The approach adopted by the SPC represents a middle ground in which measurements are taken by software, but the software does not consist of a real database. Instead, the SPC workload is a synthetically generated pattern of requests. Expressed in terms of Unix, the requests produced by the SPC workload generator are issued at the level of the raw, unblocked I/O interface. This ensures no caching of the requests can occur in the file system but allows for re-mapping of request addresses under the control of system software (often referred to as logical volume management). The key results produced by running the benchmark are the I/O response times obtained at a series of identified load levels.

Should the workload resemble a real application?

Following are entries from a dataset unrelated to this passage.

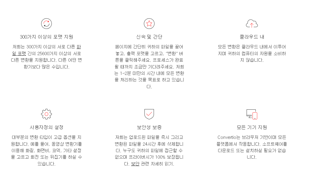 300가지 이상의 포맷 지원 저희는 300가지 이상의 서로 다른 파일 포맷 간의 25600가지 이상의 서로 다른 변환을 지원합니다. 다른 어떤 변환기보다 많은 수입니다. 신속 및 간단 페이지에 간단히
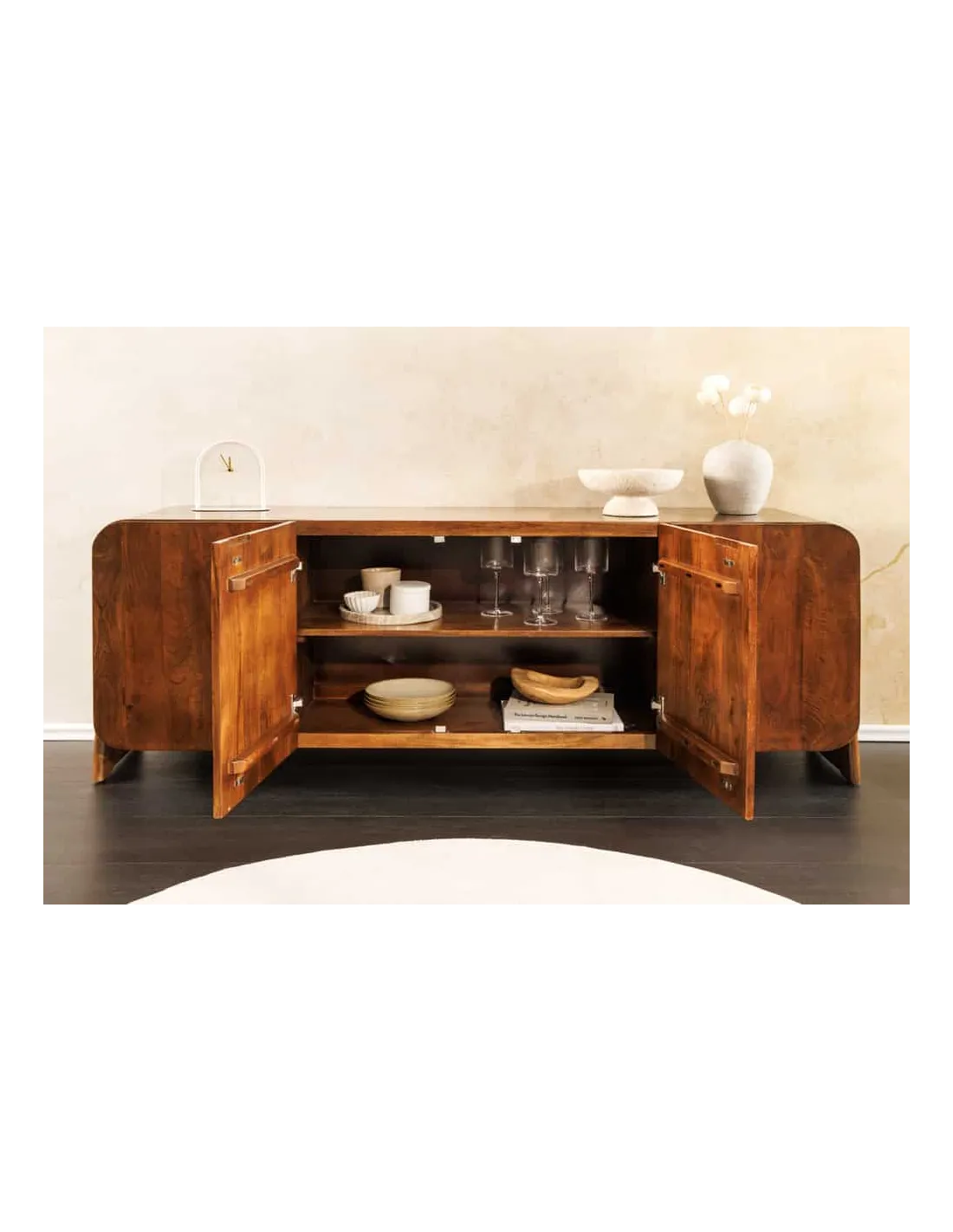 Le buffet BRASIL apporte une touche naturelle d'Amérique du Sud à votre intérieur. Fabriqué en manguier massif laqué, il séduit par sa couleur brune chaleureuse et son veinage caractéristique. Sa forme arrondie crée une silhouette douce et apporte calme et harmonie à votre intérieur.
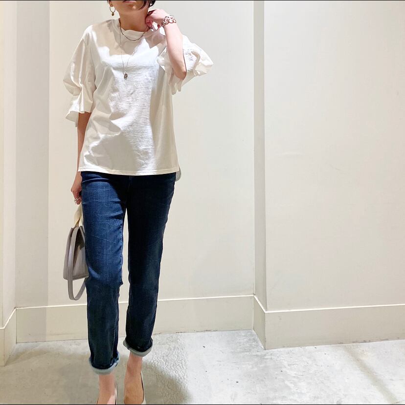 ボトムにはデニムでぐっとカジュアルに♪スニーカー合わせにも◎なおすすめカットソートップスです。
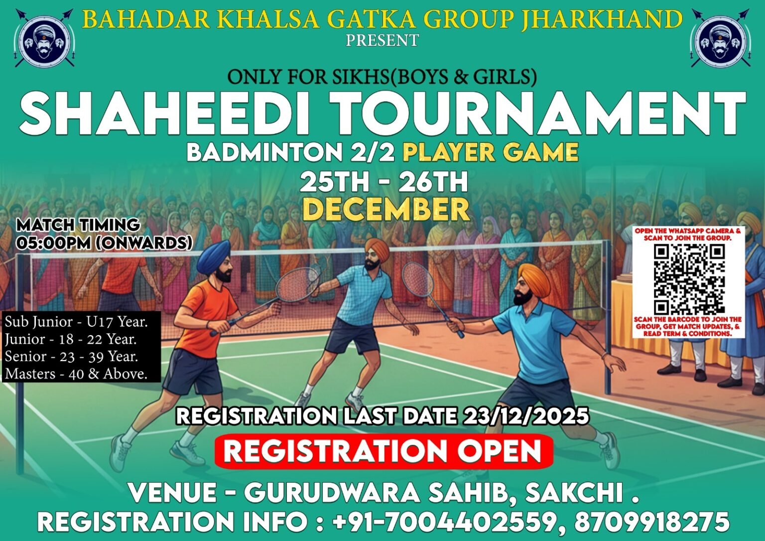 जमशेदपुर में बहादर खालसा गतका ग्रुप साकची और साकची गुरुद्वारा प्रबंधक कमेटी झारखंड की ओर से शहीदी बैडमिंटन टूर्नामेंट का भव्य आयोजन 25 व 26 दिसंबर को साकची गुरुद्वारा के गुरुनानक हाई स्कूल में किया जा रहा है. आयोजकों ने बताया कि फॉर्म भरने की तारीख 16 से 24 दिसंबर तक है. फॉर्म जिसे भी लेना है वो शाम 5:30 से 7:30 बजे तक साकची गुरुनानक हाई स्कूल में आके ले सकता हैं.

Given its choice to generate I/O requests synthetically, the SPC could choose any desired pattern of requests, without regard to constraints normally present in real database software. For this reason, a natural possibility might have been to construct the SPC benchmark as a series of "stress tests." For example, three specific tests of a given storage system might assess its throughput capability relative to reads out of cache, reads from the media, and sequential writes. The advantage of this approach is that the results of each test have a very simple interpretation. The drawback, however, is that this method does not produce a clear "bottom line" from the collective tests.

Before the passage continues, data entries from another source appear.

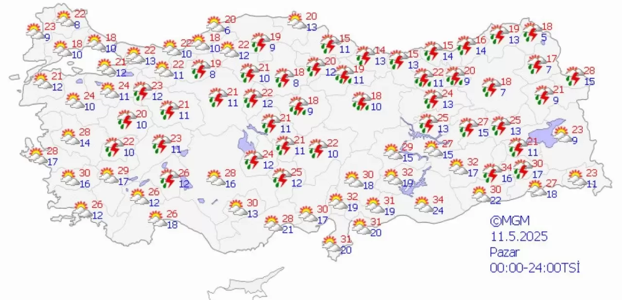 11 Mayıs Pazar günü, yağışlar İç Anadolu, Karadeniz ve Doğu Anadolu'da yoğunlaşacak, sıcaklıklar 9-34 derece aralığında seyredecek.
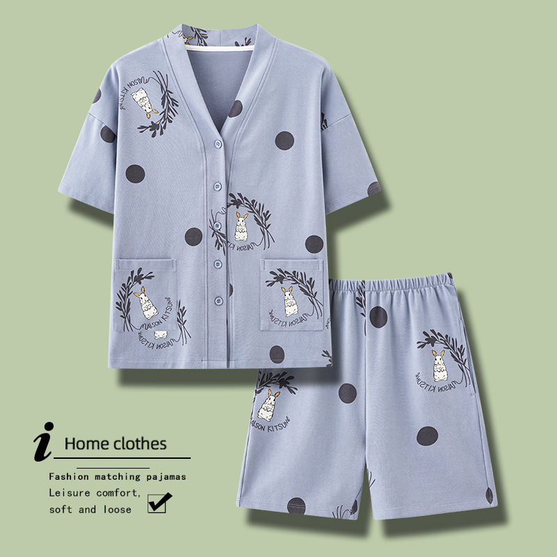 パジャマ女性夏純綿半袖カジュアルゆるいカーディガン女性夏薄いカジュアル大きいサイズホームウェアスーツ
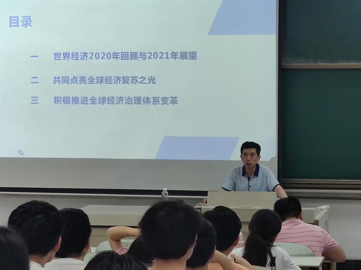 水恒福向同学们详细介绍了2020年受新冠肺炎疫情影响下美国、欧洲、日本、新兴经济体等国外主要经济体的经济发展状况。各国为促进经济复苏,通过实行超宽松货币政策、加快数字经济发展、推进绿色经济转型、加强国际合作等有效措施共同点亮全球经济复苏之光。水恒福指出面对当前世界政治经济格局正发生着的深刻变化,全球价值链及其重构正影响和改变着当前世界经济秩序,中国应当积极参与全球经济治理体系改革,为推动完善更加公平合理的国际经济治理体系的重构与建设贡献中国智慧。

Another approach might be to devise a large number of separate benchmarks, each targeted to a very specific application environment (e.g., bank ATM processing or direct sales over the Web). Despite the ability of this approach to produce a clear "bottom line" for those environments being examined, the shear number of potentially important environments caused the SPC to rule it out.

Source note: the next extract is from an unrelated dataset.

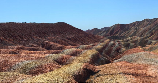 张掖七彩丹霞地貌作为典型的红层地貌,其色彩分层与形态结构为设计学科提供了天然的研究样本。地貌的“顶平、身陡、麓缓”特征及波浪状色带,展现了自然界的动态构成法则。这种不可再生的地质遗产,其色彩组合(如赭红、姜黄、灰白等)与纹理变化,可直接转化为设计中的色彩系统与肌理表现,为动画、视觉传达等专业领域提供灵感来源,为后续生态主题设计项目积累素材。丹霞地貌的脆弱性引发学生思考:如何在设计中平衡美学表达与生态保护?

The SPC's strategy is to develop the appropriate access patterns needed to reflect a small number of broadly defined environments. In this way, a single benchmark workload can be used to get an overall sense of the I/O capability that can realistically be expected under an identified class of production conditions. The intent is that many users, whose workload resembles that of an SPC benchmark, will be able to apply benchmark results directly to planning within their own environments.

What environments should be reflected?


In its initial benchmark, the SPC chose to focus on applications characterized by predominantly random I/O operations that require queries and updates (e.g., mail server and online transaction processing applications). The members of the council felt this segment of applications is by far the largest in the storage system marketplace. Also, many production environments falling into this category have demanding performance requirements and would find the SPC-1 benchmark valuable.

The SPC's intent is to continue adding to its coverage of realistic production environments by introducing additional benchmarks as the need for them is identified by the members of the council. It is anticipated that SPC-2 will focus on applications that require high sequential throughput (e.g., backup/ restore) or concentrate on networked-attached storage (NAS).

How should performance depend upon cache?


Modern storage controls incorporate a wide range of features and capabilities related to the use of cache, including

  • Cache size;
  • Policies for managing modified data, including strategies for redundancy;
  • Sequential detect;
  • Policies for staging, demotion, and de-staging of sequential data;
  • Cache segment size; and
  • Cache stage size.

In a perfect world, the SPC-1 benchmark would incorporate realistic behavior across the entire spectrum of alternative cache implementations. So far, the SPC has accomplished a "down payment" on this objective. Its performance reflects a realistic level of sensitivity to the management of modified data; to the presence of sequential detect algorithms; to the policies for staging, demotion, and de-staging of sequential data; and (through the mix of SPC-1 request sizes) to the cache segment size.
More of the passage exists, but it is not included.